使用cPickle序列化大型字典会导致内存

3条回答

网友

1楼 · 编辑于 2024-10-01 02:32:12

你可以试试另一个泡菜库。也可能有一些cPickle设置可以更改。在

其他选择：把你的字典分成更小的部分，然后把每一部分都打包。当你把所有东西都装进去的时候再把它们放在一起。在

抱歉，这是模糊的，我只是在胡思乱想。我想这可能还是有帮助的，因为没有其他人回答。在

网友

2楼 · 编辑于 2024-10-01 02:32:12

你很可能在这项工作中使用了错误的工具。如果您想持久化大量的索引数据，我强烈建议使用SQLite磁盘数据库（或者，当然，只是一个普通数据库）和一个ORM类似的SQLObject或{a2}。在

这些程序将处理一些普通的事情，如兼容性、优化格式、不同时将所有数据保存在内存中以使内存耗尽。。。在

添加：因为我一直在做一件几乎完全相同的事情，但主要是因为我是一个很好的人，这里有一个演示，它似乎能满足您的需要（它将在当前目录中创建一个SQLite文件，如果已经存在同名文件，则将其删除，因此请先将其放在空的位置）：

import sqlobject
from sqlobject import SQLObject, UnicodeCol, ForeignKey, IntCol, SQLMultipleJoin
import os

DB_NAME = "mydb"
ENCODING = "utf8"

class Document(SQLObject):
    dbName = UnicodeCol(dbEncoding=ENCODING)

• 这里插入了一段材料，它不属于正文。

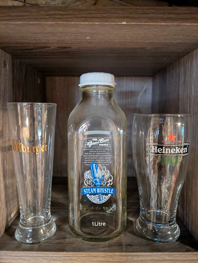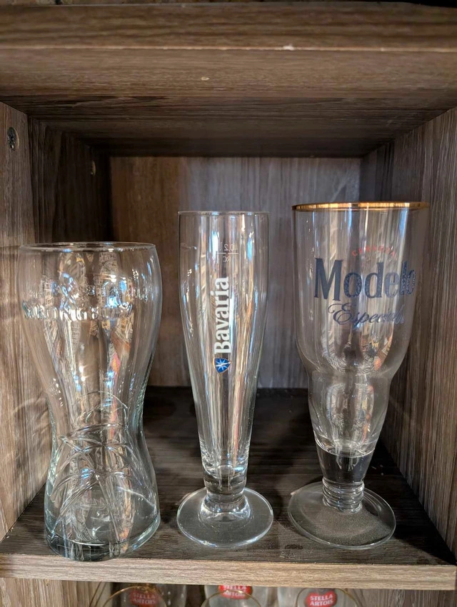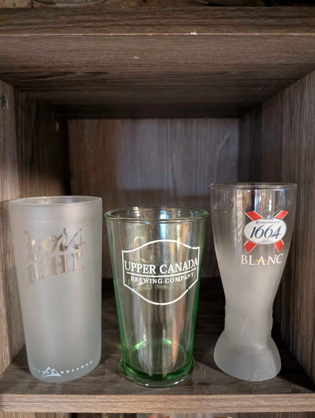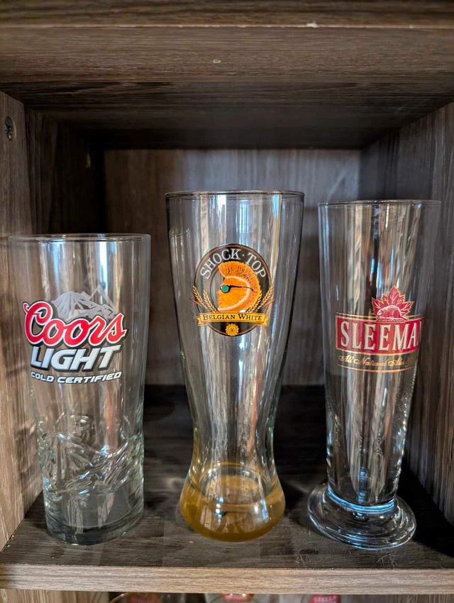 Selling an assortment of Beer Glasses. Perfect for your Bar or Display case. Glasses available: Coors Light (Color) Shock Top Sleeman Coors Light (Frosted) Upper Canada Kronenbourg Blanc Bitburger Steam Whistle Heineken Hop City Barking Squirrel Richard's Red Peroni Strongbow Bavaria Modelo Stella Artois Warsteiner Leffe Guinness Kilkenny Hoegaarden Harp Each Glass has been cleaned - Ready to use $5 each. Pickup and Cash only.

class Location(SQLObject):
    """ Location of each individual occurrence of a word within a document.
    """
    dbWord = UnicodeCol(dbEncoding=ENCODING)
    dbDocument = ForeignKey('Document')
    dbLocation = IntCol()

TEST_DATA = {
    'one' : {
        'doc1' : [1,2,10],
        'doc3' : [6],
    },

    'two' : {
        'doc1' : [2, 13],
        'doc2' : [5,6,7],
    },

    'three' : {
        'doc3' : [1],
    },
}        

if __name__ == "__main__":
    db_filename = os.path.abspath(DB_NAME)
    if os.path.exists(db_filename):
        os.unlink(db_filename)
    connection = sqlobject.connectionForURI("sqlite:%s" % (db_filename))
    sqlobject.sqlhub.processConnection = connection

    # Create the tables
    Document.createTable()
    Location.createTable()

    # Import the dict data:
    for word, locs in TEST_DATA.items():
        for doc, indices in locs.items():
            sql_doc = Document(dbName=doc)
            for index in indices:
                Location(dbWord=word, dbDocument=sql_doc, dbLocation=index)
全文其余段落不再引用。